Tuesday, August 14, 2012

Test Fear

My very first day as a GT coordinator I was approached by an elementary teacher.  "I've known Josh for 4 years now," she said. "He's the brightest student I know, but every year I nominate him for the gifted program and every year he gets rejected.  Will it be any different now that you're in charge?" 

I assured her I'd look into it, but jumped to the (false) conclusion that Josh was a nice kid, a teacher pleaser, but probably not gifted.  When I met him my misconception was immediately apparent.  Beyond a doubt he was creatively brilliant.  The problem was that he froze when presented with a high stakes test like the one that determined if he was "in" or "out" of the gifted program.  

It was a no-brainer for me.  I trusted his teacher who knew that he needed challenges beyond the regular classroom. He was "in" without taking The Test.

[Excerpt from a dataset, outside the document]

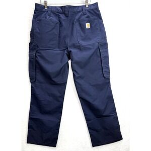 Carhartt Cargo Pants Mens 34x30 Navy Blue Loose Fit Work Carpenter 106696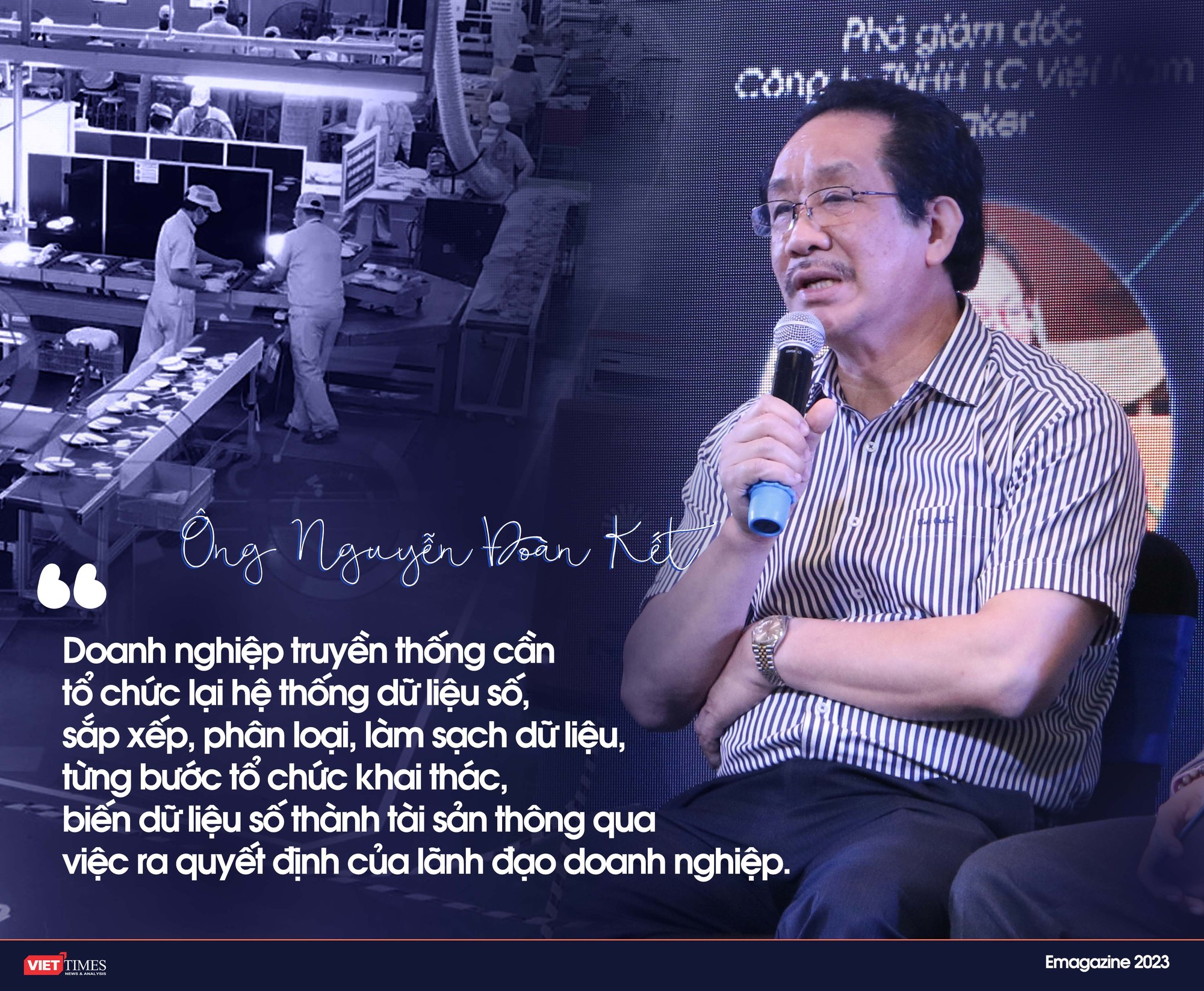 Ông Nguyễn Đoàn Kết: Với quá trình 62 năm hoạt động, chúng tôi đã thu thập vô cùng nhiều dữ liệu: Dữ liệu trong khu vực sản xuất, Dữ liệu khách hàng, Dữ liệu điều hành, Dữ liệu tài chính, Dữ liệu nguồn nhân lực, Dữ liệu về quản lý tri thức, Dữ liệu về R&D, Dữ liệu về các nền tảng kinh doanh, Dữ liệu về vòng đời sản phẩm và rất khó có thể kể hết ở đây.

I took some heat from people who had created the "sift down" method of identification matrix our district used at that time.   Students needed to perform at or above the 95 percentile on the Iowa Test of Basic Skills.  Those that didn't were never considered.  The winnowed group of  kids were given the Otis-Lennon group IQ test on which they also needed to score at a certain level.  Those that didn't were rejected.   And then the remaining few students had to rate a specific score (or better) on the Renzulli Scales completed by a teacher.  In essence, we were looking for the fewest possible students and only those who were good at taking tests and pleasing teachers. 

I'm happy to say we quickly changed the old ID process to a talent pool model where even one indicator was enough to start an assessment of what a student needed to be academically challenged.

Funny thing.  Six months after he was identified, Josh agreed to try The Tests . . . "just for fun."  The pressure was off.  IQ?  152.  ITBS reading and math?  99th percentiles. 

How many kids slog on through the tedium of a school day simply because they don't fit the numerical profile.  We've got to know the kid in order to match the program to the child.